Pelaku Pencabulan Anak di Sekadau Dituntut 15 Tahun Penjara

Sekadau, thetanjungpuratimes.com – Proses persidangan kasus pencabulan bocah berusia 3,9 tahun di Kecamatan Sekadau Hilir masih menunggu putusan hakim.

Sebelumnya, Bemo (bukan nama sebenarnya) telah melakukan pencabulan terhadap Mawar (bukan nama sebenarnya) yang berusia 3,9 tahun. Tindakan bejat pria 20 tahun itu justru dilakukan terhadap anak tetangganya sendiri yang dilakukan pada, Minggu (15/5) lalu.

Aksi tersebut dilakukan di rumah terdakwa saat korban bermain. Perbuatan itu terbongkar setelah ibu korban hendak memandikan anaknya, tapi si anak melarang membersihkan kemaluannya lantaran sakit.

Kemudian, korban menceritakan perbuatan tak senonoh yang dilakukan oleh terdakwa kepada orang tuanya. Keluarga juga sempat membawakan korban ke RSUD Sekadau untuk divisum. Tak terima dengan perbuatan tersangka, keluarga akhirnya melaporkan tersangka kepada pihak berwajib dan terdakwa harus mempertanggungjawabkan perbuatannya.

Kasi Pidana Umum Kejaksaan Negeri Sekadau Andi Salim menuturkan, terdakwa memang masih berkelit. Berdasarkan fakta persidangan, kata Andi, bocah tersebut yang memukul kemaluannya karena ingin melihat handphone yang ada ditangan terdakwa.

“Bukan dipegang, tapi dipukul karena mau melihat handphone itu tadi. Karena terangsang setelah menonton video erotis yang ada di handphonenya, terdakwa lalu mengangkat bocah tersebut,” ungkap Andi, Jumat (23/9).

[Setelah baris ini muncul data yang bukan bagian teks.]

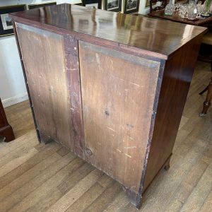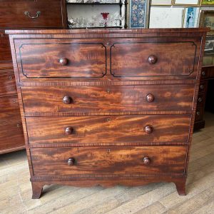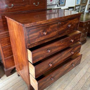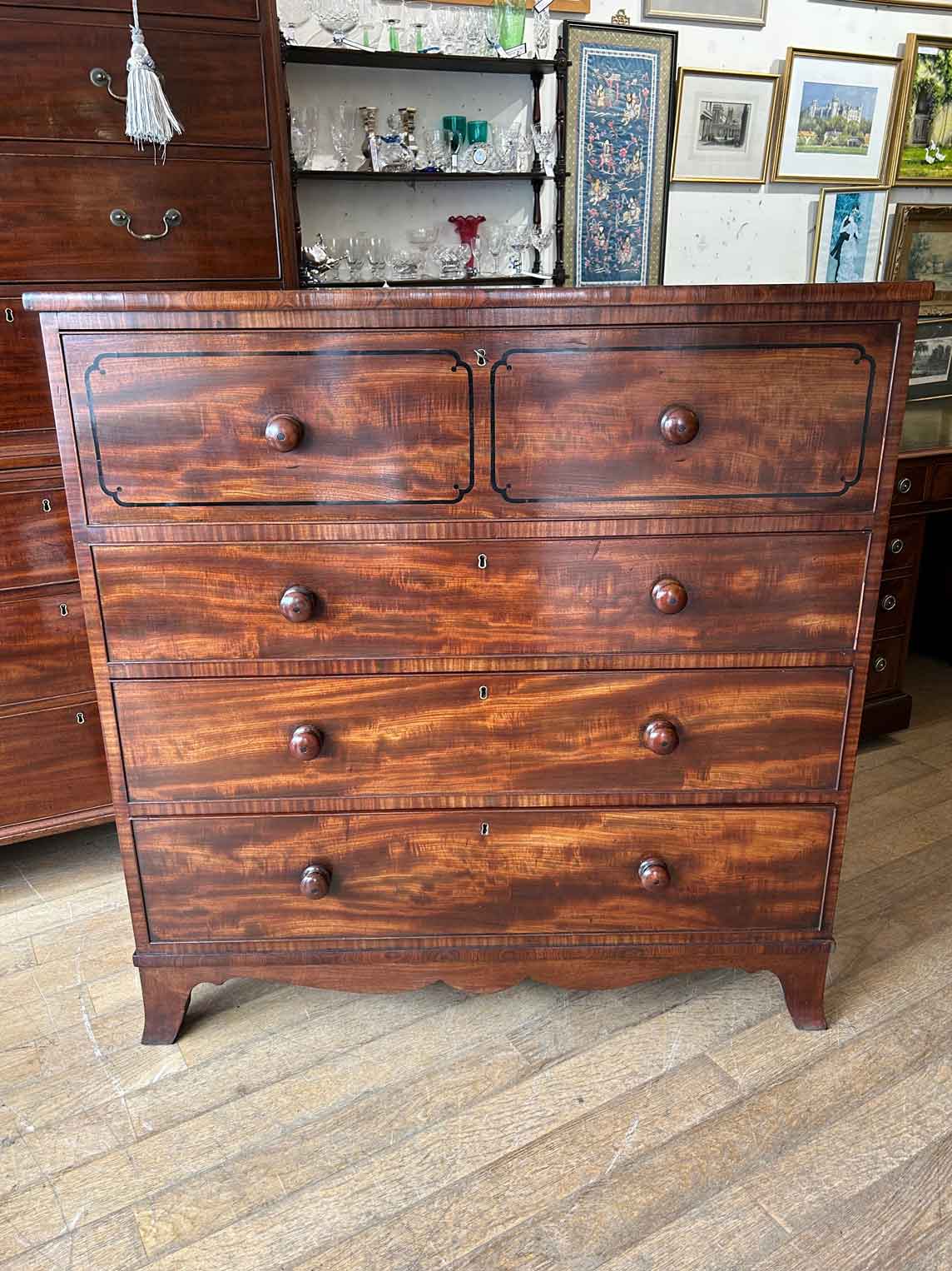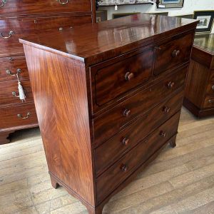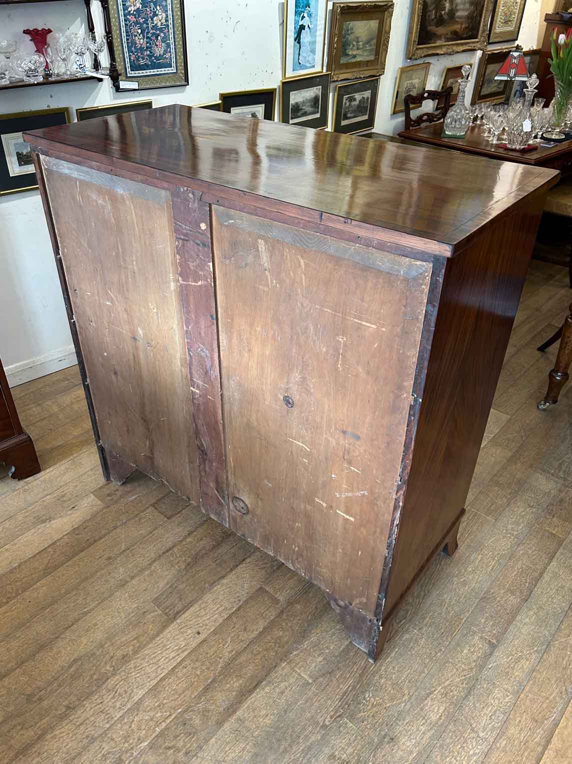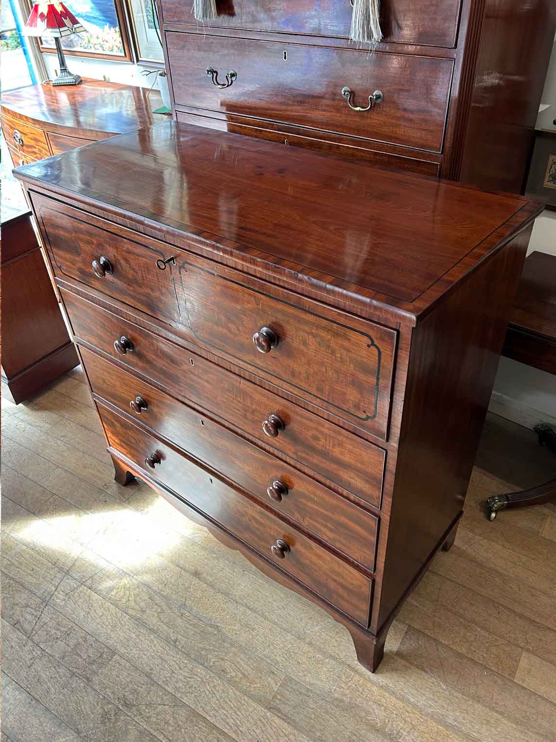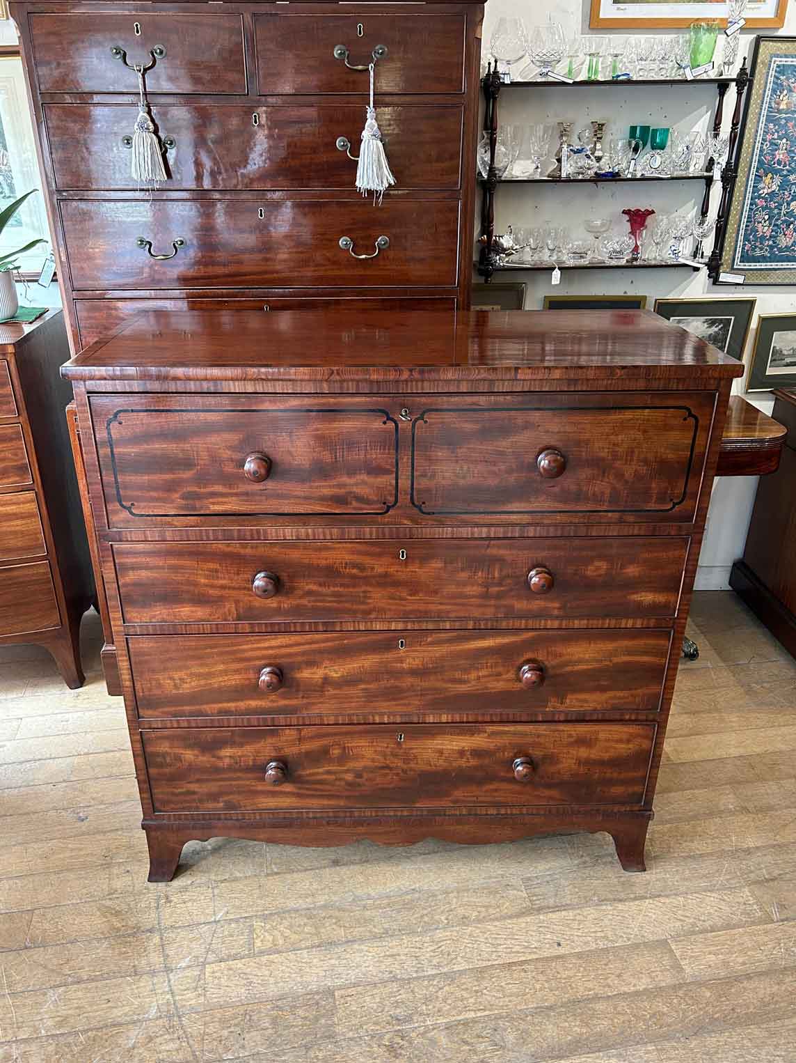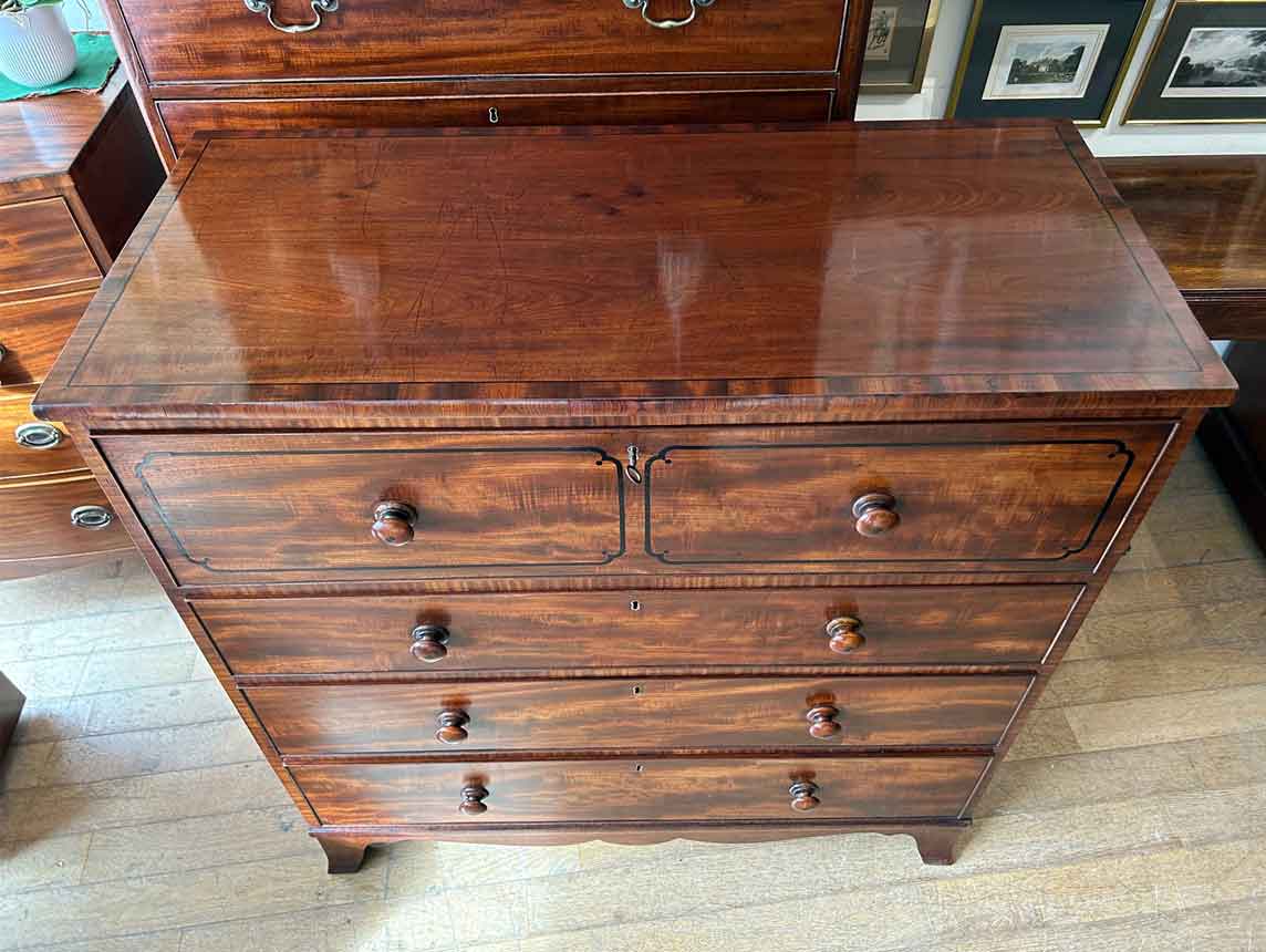 The Secretaire has the a fitted desk drawer over three long drawers with turned bun handles, with figured mahogany and ebony banding throughout. The fitted desk drawer interior has a green leathered writing surface with 9 strung satinwood drawers and 7 pigeon holes. Stands on four splayed shaped feet.

Dikatakan Andi, terdakwa akan dituntut 15 tahun penjara oleh Jaksa Penuntu Umum (JPU). Tuntutan tersebut merupakan tuntutan maksimal yang dituntut oleh JPU.

“Kecuali ada pemberatan atau pengulangan. 15 tahun penjara tuntutannya tapi keputusan hakim belum tahu nanti bagaimana,” kata dia.

Andi mengatakan, semula memang orang tua korban tidak percaya dengan apa yang telah dilakukan terdakwa terhadap anaknya. Apalagi, orang tua korban dan terdakwa sudah seperti keluarga dan tinggal bertentangga.

“Anak itu bermain seperti bisa sebelumnya, sehingga dengan adanya kejadian ini membuat orang tua korban tidak percaya. Hingga saat ini sudah sidang tuntutan, masih menunggu putusan,” pungkasnya.